# Distributed file loading and processing

In this short exercise we will use `DistributedArrays` to load and process four data files in parallel. This can be useful in a scenario where the total data doesn't fit into the memory of a single computer. The idea is to let different workers hold different batches of the data (one file per worker) and load and process the data in parallel on the workers.

(In the following, we will of course only mimic such a situation. Our workers will live on the same machine.)

## Preparation

### Create fake data

Before we turn to the actual tasks, we need some fake data. We will create four binary files holding 1 million random floating point numbers each.

In [11]:
using Serialization
for i in 1:4
    serialize("$i.bin", rand(1000000)) # 8 MB files
end

Let's check if the files have been created (`readdir()` lists all the files and folders of the current directory)

In [12]:
fp = filter(endswith("bin"), readdir())

4-element Array{String,1}:
 "1.bin"
 "2.bin"
 "3.bin"
 "4.bin"

### Start worker processes

Let's get some worker processes which use the same Julia environment as our main session (the environment of the workshop).

In [13]:
using Distributed, Pkg

In [14]:
withenv("JULIA_PROJECT"=>joinpath(pwd(),"../..")) do
    addprocs(4)
end

4-element Array{Int64,1}:
 6
 7
 8
 9

In [15]:
@everywhere using DistributedArrays, Serialization

## Tasks

1. Distribute the array of file names (see the array `fp` above) across the workers. Afterwards, apply the `deserialize` function to load the (fake) data from the four data files in parallel.
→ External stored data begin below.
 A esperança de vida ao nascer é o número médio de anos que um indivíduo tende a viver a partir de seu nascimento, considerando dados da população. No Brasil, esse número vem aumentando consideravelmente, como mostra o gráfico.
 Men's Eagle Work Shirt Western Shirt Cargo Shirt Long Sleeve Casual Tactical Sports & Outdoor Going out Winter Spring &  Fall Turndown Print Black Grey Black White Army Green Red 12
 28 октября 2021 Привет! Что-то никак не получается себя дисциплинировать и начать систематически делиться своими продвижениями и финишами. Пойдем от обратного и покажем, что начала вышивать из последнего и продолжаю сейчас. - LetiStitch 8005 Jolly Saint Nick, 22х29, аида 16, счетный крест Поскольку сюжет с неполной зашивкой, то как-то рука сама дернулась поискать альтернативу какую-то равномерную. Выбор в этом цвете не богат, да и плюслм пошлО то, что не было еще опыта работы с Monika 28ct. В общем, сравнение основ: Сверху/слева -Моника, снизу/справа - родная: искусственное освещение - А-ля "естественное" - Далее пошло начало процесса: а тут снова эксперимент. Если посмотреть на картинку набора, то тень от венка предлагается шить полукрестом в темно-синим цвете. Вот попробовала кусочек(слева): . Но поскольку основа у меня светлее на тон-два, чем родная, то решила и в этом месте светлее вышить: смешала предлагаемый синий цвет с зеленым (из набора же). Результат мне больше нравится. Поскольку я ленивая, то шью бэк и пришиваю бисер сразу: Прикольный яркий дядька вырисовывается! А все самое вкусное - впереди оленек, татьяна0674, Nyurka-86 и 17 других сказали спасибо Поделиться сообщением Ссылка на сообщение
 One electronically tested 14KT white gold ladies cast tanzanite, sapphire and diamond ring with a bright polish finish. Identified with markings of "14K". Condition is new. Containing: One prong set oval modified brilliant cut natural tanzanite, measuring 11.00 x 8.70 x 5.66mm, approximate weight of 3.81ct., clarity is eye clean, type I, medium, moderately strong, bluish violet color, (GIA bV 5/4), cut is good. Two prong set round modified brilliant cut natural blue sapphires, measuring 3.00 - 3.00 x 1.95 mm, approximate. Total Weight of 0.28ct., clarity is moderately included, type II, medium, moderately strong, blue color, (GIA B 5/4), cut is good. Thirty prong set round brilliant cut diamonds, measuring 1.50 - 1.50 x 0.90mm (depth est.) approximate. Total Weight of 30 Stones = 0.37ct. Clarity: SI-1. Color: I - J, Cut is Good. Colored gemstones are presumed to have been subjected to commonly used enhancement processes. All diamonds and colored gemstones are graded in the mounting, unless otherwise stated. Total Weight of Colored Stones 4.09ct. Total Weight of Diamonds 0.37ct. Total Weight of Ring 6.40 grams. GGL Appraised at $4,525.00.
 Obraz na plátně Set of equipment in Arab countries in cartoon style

2. Convince yourself, that the resulting array, i.e. the loaded data, is distributed equally between the workers (each worker holds the numbers of a single data file).

3. Our goal is to compute the sum of the cosines of all the numbers. First compute the partial sums of the cosines on the workers in parallel (each worker processes the batch of numbers it holds). Afterwards compute the sum of the partial sums on the master.

In [16]:
fp

4-element Array{String,1}:
 "1.bin"
 "2.bin"
 "3.bin"
 "4.bin"

In [17]:
dfp = distribute(fp)

4-element DArray{String,1,Array{String,1}}:
 "1.bin"
 "2.bin"
 "3.bin"
 "4.bin"

In [18]:
xs = map(deserialize, dfp);

In [19]:
# Task 2
@show typeof(xs)
@everywhere println(localindices($xs))

typeof(xs) = DArray{Array{Float64,1},1,Array{Array{Float64,1},1}}
(1:0,)
      From worker 8:	(3:3,)
      From worker 6:	(1:1,)
      From worker 7:	(2:2,)
      From worker 9:	(4:4,)


In [20]:
result_dist = map(x->sum(cos.(x)), xs)

4-element DArray{Float64,1,Array{Float64,1}}:
 841325.5329400531
 841505.2839542432
 841459.3108902681
 841546.2474295361

In [21]:
@show typeof(result_dist)

typeof(result_dist) = DArray{Float64,1,Array{Float64,1}}


DArray{Float64,1,Array{Float64,1}}

In [None]:
# Task 3
result_dist = map(x->sum(cos.(x)), xs)
@show typeof(result_dist)
sum(result_dist)

In [22]:
sum(result_dist)

3.3658363752141003e6